We are running a 16 nodes kafka cluster on AWS, each node is a m4.xLarge EC2 instance, with 2TB EBS(ST1) disk. Kafka version is 0.10.1.0, we have about 100 topics at the moment. Some busy topics will have about 2 billion events every day, some low volume topics will only have thousands per day.
Most of our topics use an UUID as the partition key when we produce the message, so the partitions are quite evenly distributed.
We have quite a lot consumer consume from this cluster using consumer group. Each consumer has a unique group id. Some consumer group commit offsets every 500ms, some will commit offsets in sync as soon as it finishes processing a batch of messages.
Recently we observed a behaviour that some of the brokers are far busier than the others.

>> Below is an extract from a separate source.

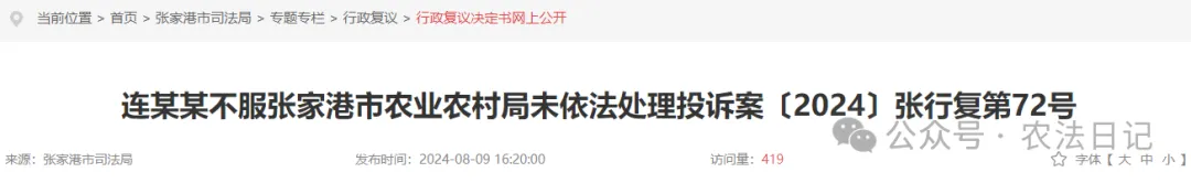 确认张家港市农业农村局未将投诉事项处理情况告知申请人的行为违法。

With some digging, we find out, it is actually quite a lot traffic go to "__consumer_offsets", thus we created a tool to see the high watermark of each partitions in "__consumer_offsets", which reveal that the partitions are very uneven distributed.
Based on this link "Consumer offset management in Kafka"
It seems it is an intended behaviour, each consumer group only have one leader, thus committed offsets all need to go to this leader, and also only use “group.Id” to decide the partition.
Given the fact that we have some consumers consume from those very busy topics, thus the commit offsets will cause a lot traffic to "__consumer_offsets" topic on the broker that handle the consumer group.
My questions are :
1. Is there a way we can make sure that the consumer groups that consume from busy topics doesn't fall on to the same broker? Don’t' want to create a hotspot.
- For consumers that consumer from busy topics (topics have billions messages per day), is it a good idea to use consumer group?
Thanks in advance